Friday, February 19, 2016
The Game Needs to Change—We Need to Put the Civil Back into Civil Society
I am deeply tired of the "who can be uglier" race that we currently have going on in both parties. On the Republican side, it is the candidates themselves that have tried to prove that they are MORE racist, sexist, homophobic, xenophobic, and greedy than the next guy. On the Democratic side, we have the spectacle of the candidates being relatively cordial and actually talking about (to be honest, rather minor) differences of opinion while their partisans on social media bend over backwards to be the most offensive, outrageous, hate mongers and conspiracy theorists, outdoing the Republican machine in their trashing of the other's candidate. It's like the idiotic anger and elation at a mindless and meaningless sporting event except, in this game, the opponent is, obviously, the Devil incarnate.
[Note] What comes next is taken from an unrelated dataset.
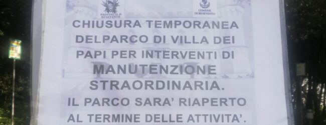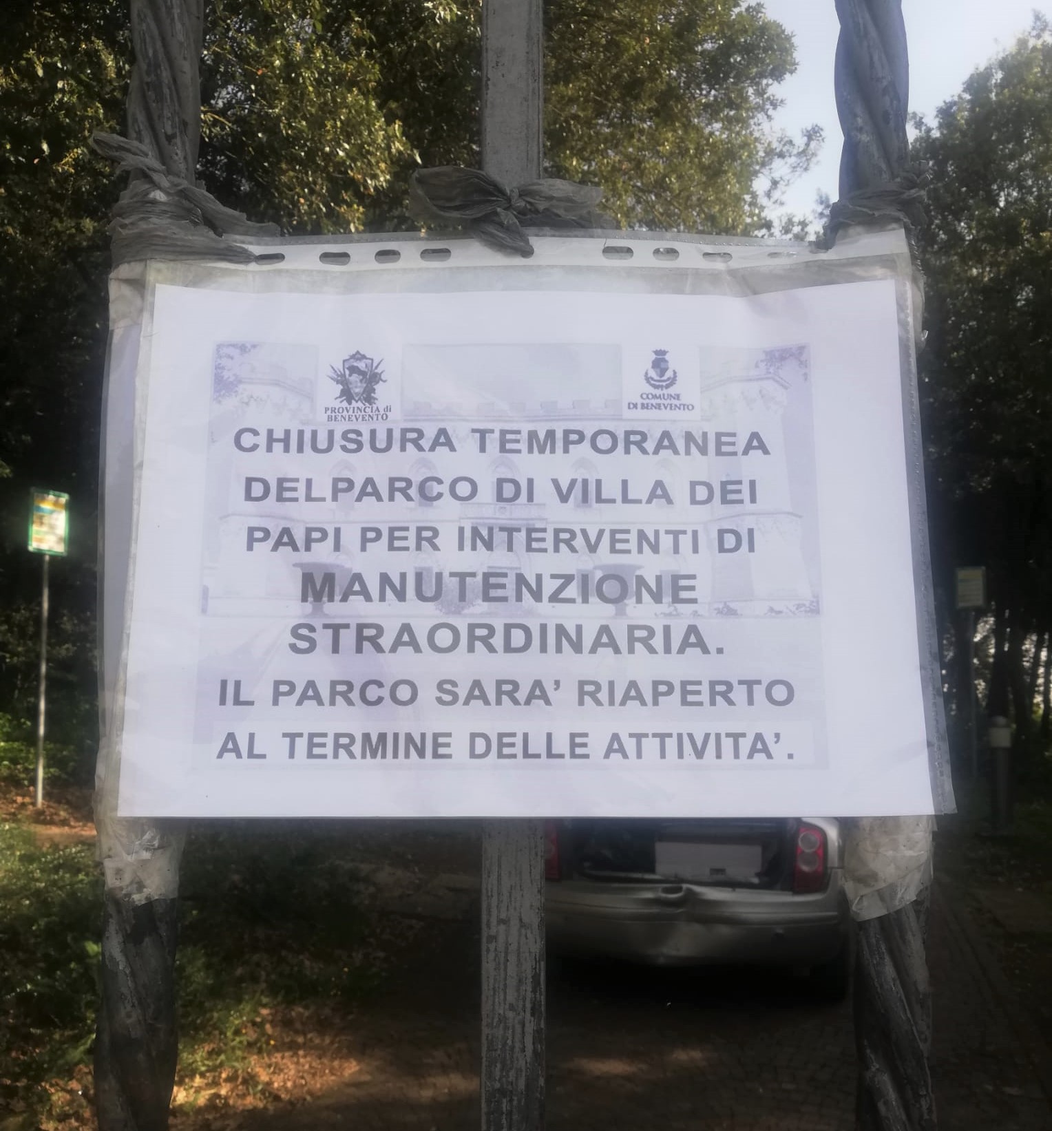 Il Settore Patrimonio della Provincia di Benevento ha disposto la chiusura al pubblico dei Giardini della Villa dei Papi per consentire la manutenzione straordinaria ed urgente.

This election is serious, perhaps the most serious in my experience with politics, and I remember the Eisenhower/Stevenson contest in 1956. The first time that I was eligible to vote for Governor was 1970, and I voted against Ronald Reagan. I have voted in every election since then. I have also watched the intentional dumbing down and incivility of the electoral process since the Republicans lost so badly with Goldwater in 1964. The rhetoric of Nixon but especially Agnew took the discussion to a new level of vitriol. Reagan continued the all out assault on "liberals," but it was the election of Bill Clinton that ushered in the new era of Conservative talk radio and, with the deregulation and consolidation of media, the advent of NEWSCorp, FOX News, Clear Channel, and and the no-holds barred, partisan, mischaracterization, distortion, and outright lying that has simply come to be accepted as spin. The media, including social media, has been not merely complicit but instrumental in this negative transformation. Just like Scalia's court decision about innocence, the actual truth is completely irrelevant. The news no longer presents actual perspective or context. They don't even try to find and present the truth. They merely offer a "he said/he said" paraphrased report or 3-seconds of edited footage with whichever slant their corporate masters have demanded.
Unfortunately, most people have not demanded better; instead, we have bought into their game. We do not find ourselves talking about what really matters and our vison of what this country should be or how we might get there. We simply post ridiculous graphics with false quotes and sarcastic gibes to make the other side look foolish or corrupt and then gleefully attack the other side for their obvious ignorance, stupidity or evil.
I posit the following. I don't care if you are for Sanders, Clinton, Warren or Obama, Trump, Cruz, Kasich or Paul. The only way that we will ever crawl out of the miasmic mire in which we have sunk ourselves is to begin to actually think deeply, discuss civilly, and listen carefully—repeating the process indefinitely—until the fog of corrupt corporate control has lifted, and we can return to the business of creating a civil civil society (This is not a mistaken repetition—"civil" needs to be at the heart of a progressive civilization).